Sabe-se, ademais, que o dever de reparar por danos causados na prestação defeituosa de serviços dispensa a prova da culpa do prestador, bastando a comprovação do dano e do nexo de causalidade, nos termos do art. 14, caput, do CDC:

Art. 14. O fornecedor de serviços responde, independentemente da existência de culpa, pela reparação dos danos causados aos consumidores por defeitos relativos à prestação dos serviços, bem como por informações insuficientes ou inadequadas sobre sua fruição e riscos.

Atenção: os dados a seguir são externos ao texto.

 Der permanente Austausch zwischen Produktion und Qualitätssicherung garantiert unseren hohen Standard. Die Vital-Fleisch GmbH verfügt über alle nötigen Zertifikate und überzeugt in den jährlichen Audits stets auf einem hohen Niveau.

Acerca do dano moral, sabe-se que, na lição de YUSSEF SAID CAHALI (Dano Moral, Editora Revista dos Tribunais, 2ª edição, São Paulo, 1998), pode ser conceituado como "a privação ou diminuição daqueles bens que têm um valor precípuo na vida do homem e que são a paz, a tranquilidade de espírito, a liberdade individual, a integridade individual, a integridade física, a honra e os demais sagrados afetos, classificando-se desse modo, em dano que afeta a parte social do patrimônio moral (honra, reputação, etc.) e dano que molesta a parte afetiva do patrimônio moral (dor, tristeza, saudade, etc.), dano moral que provoca direta ou indiretamente dano patrimonial (cicatriz deformante, etc.) e dano moral puro (dor, tristeza, etc.)".

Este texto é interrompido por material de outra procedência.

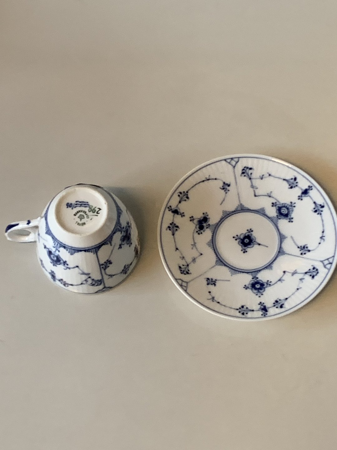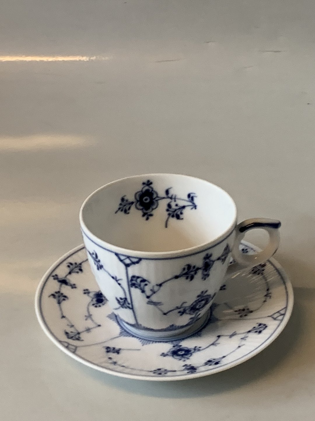 Royal Copenhagen Blue Fluted #Riflet, Mocha cup and saucer with flower

Ao julgador impõe-se cuidado na análise de sua configuração, pois meros aborrecimentos e insatisfações cotidianos, por se tratarem de fatos corriqueiros e atinentes à vida em sociedade, não se deve atribuir indenização.

Diz a doutrina:

Para evitar excessos e abusos, recomenda Sérgio Cavalieri, com razão que só se deve reputar como dano moral 'a dor, vexame, sofrimento ou humilhação que fugindo à normalidade, interfira intensamente no comportamento psicológico do indivíduo, causando-lhe aflições, angústia e desequilíbrio em seu bem-estar. Mero dissabor, aborrecimento, mágoa, irritação ou sensibilidade exarcerbada estão fora da órbita do dano moral, porquanto, além de fazerem parte da normalidade do nosso diaadia, no trabalho, no trânsito, entre os amigos e até no ambiente familiar, tais situações não são intensas e duradouras, a ponto de romper o equilíbrio psicológico do indivíduo. (Responsabilidade Civil, Carlos Roberto Gonçalves, Editora Saraiva, 8ª edição, São Paulo).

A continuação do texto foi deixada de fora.